To produce the API for our system we used FastAPI.

FastAPI

FastAPI is a modern, fast (high-performance), web framework for building APIs with Python 3.7+ based on standard Python type hint. This tool is employed in the main in which, after initializing the FastAPI framework, we create endpoints for our system functionalities, such as:

  • data extraction,
  • music recommendations.

Running the command:

uvicorn main:app --reload

will start the FastAPI server, and, thanks to the Swagger UI, you can interact with and explore the defined endpoints. The Swagger UI provides a user-friendly interface for testing and understanding the API functionalities. Below is a screenshot of the Swagger UI showcasing the available endpoints and their details:

plot

To access the Swagger UI, open your web browser and navigate to:

http://127.0.0.1:8000/docs

This interface dynamically documents the available endpoints, their input parameters, and allows you to make requests directly from the browser. Below an example of one of our endpoints:

plot

Moreover, we provide an example of a potential outcome from the preceding endpoint:

plot

More information about this tool can be found here.

Resource & Performance Monitoring

In addition to the API, we also used Prometheus and Grafana for resource and performance monitoring.

Prometheus

Prometheus is a monitoring and alerting toolkit designed for reliability and scalability. It allows us to collect and store time-series data, allowing for real-time monitoring and alerting based on defined thresholds. Prometheus is particularly well-suited for dynamic environments such as cloud-native applications.

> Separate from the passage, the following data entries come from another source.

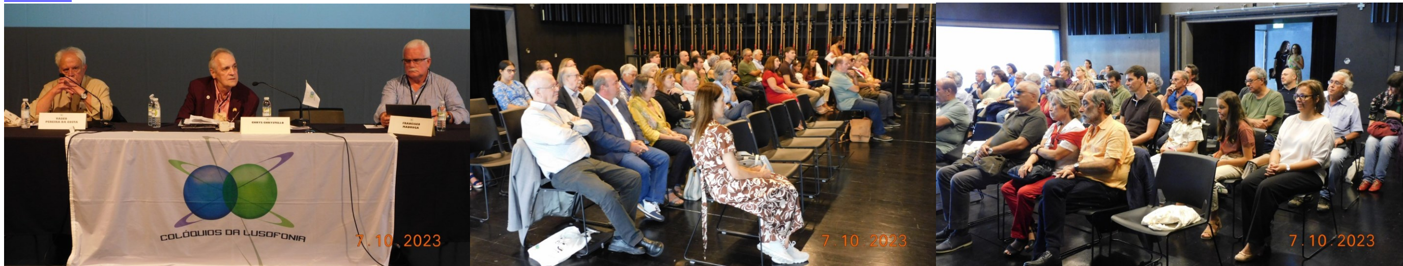
38º Ribeira Grande 2023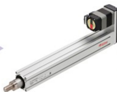
EAC ซีรีส์ ไชลินเดอร์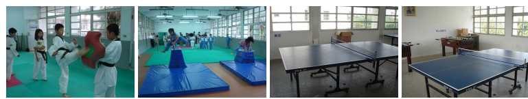
圖13 圖14 圖15 圖16

Instead of installing Prometheus as suggested in their Get Started Page, we used the Prometheus Docker Image by running the following command:

docker run \
  --name=prometheus \
  -p 9090:9090 \
  -v <absolute_path_to_prometheus.yml>:/etc/prometheus/prometheus.yml \
  prom/prometheus

The -v option is used to bind mount our Prometheus config file (prometheus.yml) to the Docker Image one. After the Docker Image has been downloaded (if not already avaiable), the Prometheus UI can be accessed at at http://localhost:9090.

plot

Through the Prometheus UI, we can query both default and custom metrics. In our case, we defined additional metrics in the monitoring.py file. Below is a snippet of code directly taken from the monitoring script in which we add the response_size metrics using the instrumentator object defined the prometheus_fastapi_instrumentator library. Additionally, we provide a screenshot of the results from a query that returns the values related to the response_size_count metric.

instrumentator.add(
    metrics.response_size(
        should_include_handler=True,
        should_include_method=True,
        should_include_status=True,
        metric_name="musicexpress_response_size",
        metric_namespace=NAMESPACE,
        metric_subsystem=SUBSYSTEM,
    )
)

plot

More details on the prometheus_fastapi_instrumentator library are available here.

Grafana

Grafana is an analytics and monitoring platform that integrates with various data sources, including Prometheus. Grafana provides a flexible and customizable dashboard interface in which different charts can be displayed.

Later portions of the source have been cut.